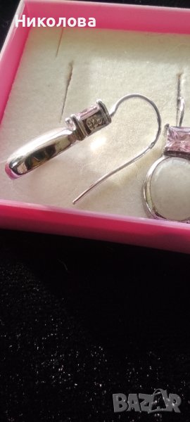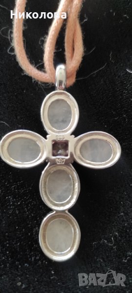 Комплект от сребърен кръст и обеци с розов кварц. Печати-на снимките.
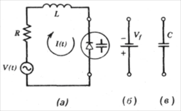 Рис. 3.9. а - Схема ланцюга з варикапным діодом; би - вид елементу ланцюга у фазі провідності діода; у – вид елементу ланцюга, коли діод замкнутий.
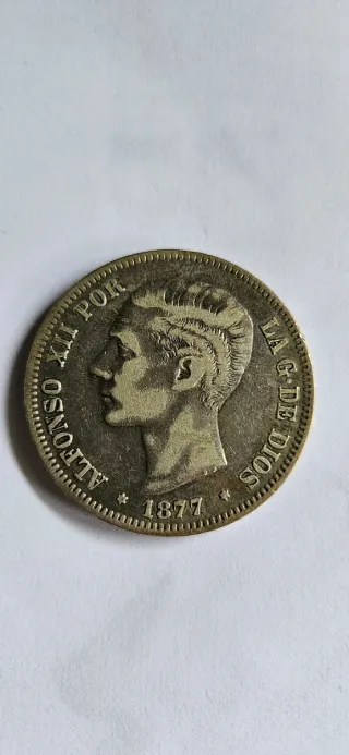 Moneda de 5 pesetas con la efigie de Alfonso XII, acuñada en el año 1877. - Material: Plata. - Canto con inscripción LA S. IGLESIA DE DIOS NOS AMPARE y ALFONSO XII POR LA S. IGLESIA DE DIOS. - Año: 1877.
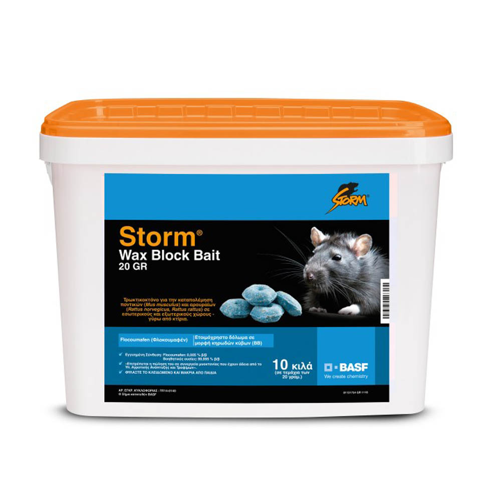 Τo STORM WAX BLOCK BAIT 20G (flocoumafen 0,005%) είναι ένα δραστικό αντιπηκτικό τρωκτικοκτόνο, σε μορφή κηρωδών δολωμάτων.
==
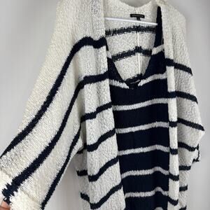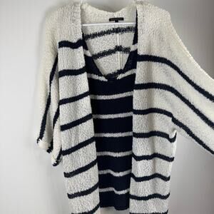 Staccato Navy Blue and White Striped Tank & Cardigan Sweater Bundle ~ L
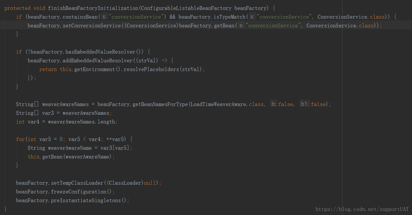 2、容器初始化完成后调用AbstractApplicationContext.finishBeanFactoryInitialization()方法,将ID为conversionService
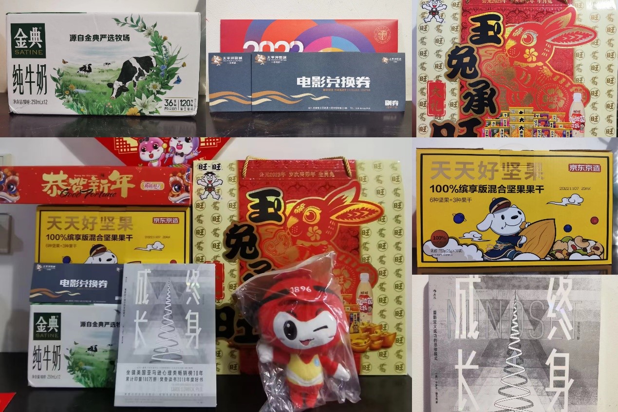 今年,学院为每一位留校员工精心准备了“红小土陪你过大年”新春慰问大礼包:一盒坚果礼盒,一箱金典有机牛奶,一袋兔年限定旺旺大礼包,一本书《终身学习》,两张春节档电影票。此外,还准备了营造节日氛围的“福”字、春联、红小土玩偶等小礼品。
---
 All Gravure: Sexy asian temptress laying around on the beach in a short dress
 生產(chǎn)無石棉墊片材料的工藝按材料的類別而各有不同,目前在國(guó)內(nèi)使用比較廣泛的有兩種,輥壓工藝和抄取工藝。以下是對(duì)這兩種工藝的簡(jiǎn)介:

• _WHAT THE TASK ASKS_:
Print nothing except the lines above from the one containing "Комплект от сребърен" down to the one containing "Τo STORM WAX", both included, exactly as written and free of pictures.

• _THE COMPLETED TASK_:
 Комплект от сребърен кръст и обеци с розов кварц. Печати-на снимките.
 Рис. 3.9. а - Схема ланцюга з варикапным діодом; би - вид елементу ланцюга у фазі провідності діода; у – вид елементу ланцюга, коли діод замкнутий.
 Moneda de 5 pesetas con la efigie de Alfonso XII, acuñada en el año 1877. - Material: Plata. - Canto con inscripción LA S. IGLESIA DE DIOS NOS AMPARE y ALFONSO XII POR LA S. IGLESIA DE DIOS. - Año: 1877.
 Τo STORM WAX BLOCK BAIT 20G (flocoumafen 0,005%) είναι ένα δραστικό αντιπηκτικό τρωκτικοκτόνο, σε μορφή κηρωδών δολωμάτων.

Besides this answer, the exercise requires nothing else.